He flung his books noisily on the table and then proceeded to array himself for the ardours of composition. He first of all divested himself of his collar and tie, and wrapped round his throat the green velvet scarf, that would have lain more appropriately as a stole on the shoulders of an ecclesiastic than it did as a muffler on those of a Gefangener, engaged on a psychological study of seduction. Tarrant then removed his tunic, disclosing a woollen waistcoat, over which he proceeded to draw the second woollen coat that he had brought with him. He explained that they brought him physical ease.
“You see, old man,” he said, “it’s not much use my mind being free, if my limbs are encased in even the loosest of military tunics.”
He then proceeded to work.
Every writer, of course, has his own particular foible, and Tarrant’s was an appalling accuracy in gauging the exact number of words that he had written. Most writers are quite content to add up the number of lines in a page, then find the average number of words in a line and multiply. But Tarrant would have none of these slipshod methods.
“On that principle,” he said, “I suppose you’d call a line a line whether it goes right across the page or not?”
He gave a grunt of contempt.
“And then you say The Loom of Youth is 110,000 words long; why, half the lines you call ten words long only consist of two words—‘Bloody Hell.’ That’s not the way to do things.”
And so Tarrant laboriously added up every word. It became quite a mania with him. So much so, in fact, that he used to embark on long discussions as to the derivation of amalgamated words, and whether “lunch-time” should count as two or one. For his rough draft he kept beside him a small slip of paper, on which at the end of each sentence he used to make mathematical calculations, that reminded me of school cricket, the scoring box, and the attempt to keep level with the tens.
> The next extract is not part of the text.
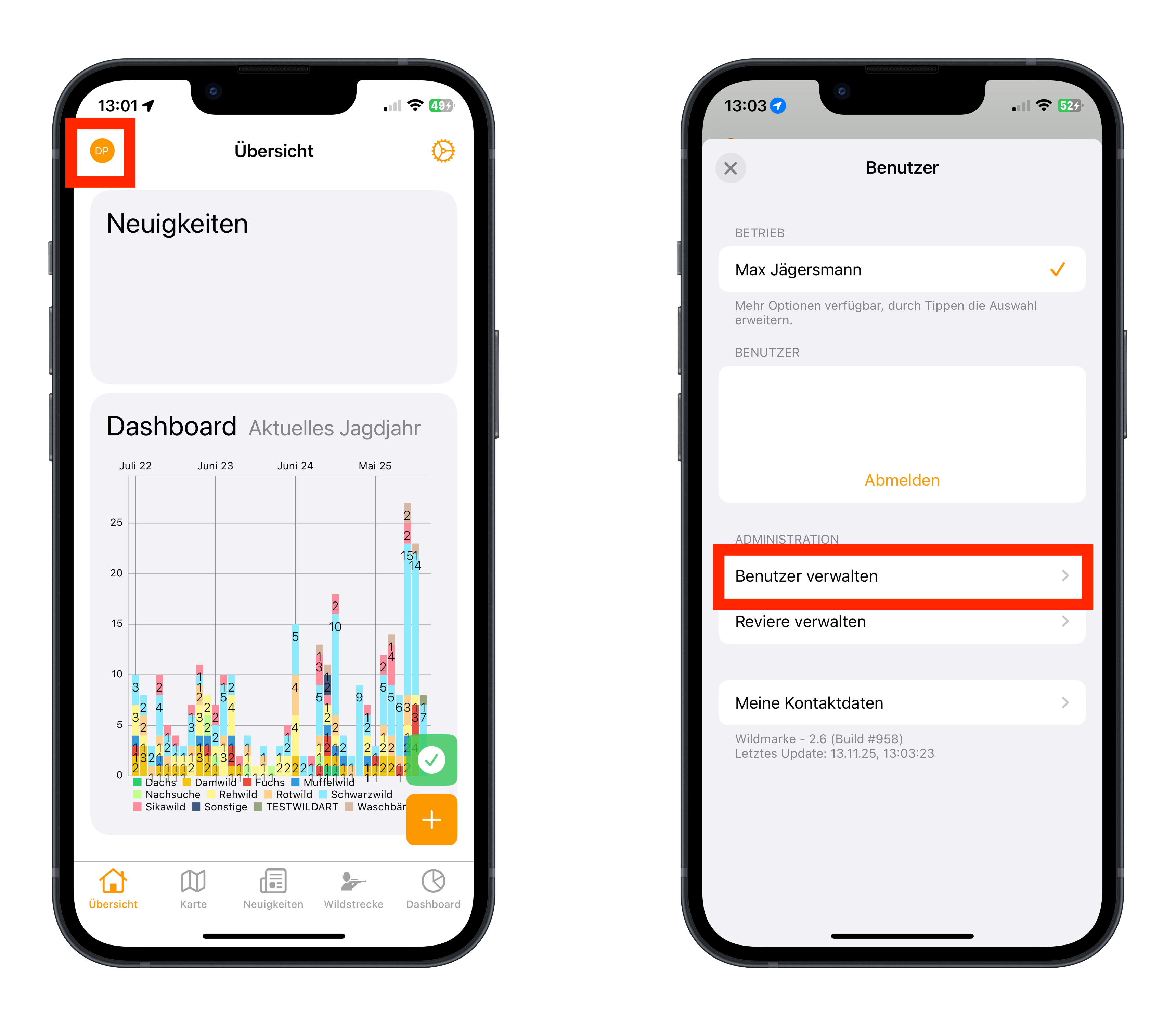 👉 In diesem Artikel zeigen wir Ihnen Schritt-für-Schritt wie Sie in der Diwima Wildmarke App Benutzer anlegen und verwalten. So arbeiten Sie gemeinsam mit Ihren Mitjägern in Ihren Revieren in einer Streckenliste.

Correction involved much labour. At the end of the sentence he might have noted down 277 words. Then he would revise; half a clause consisting of eight words would be omitted, and on the slip of paper down went 269. Then a celibate noun called for an adjectival mate, and 270 was hoisted amid applause. It was an amusing game, but it took up a great deal of time. Very rarely did Tarrant produce more than 400 words as the result of three hours’ work, and his absolute maximum for a day was 1100.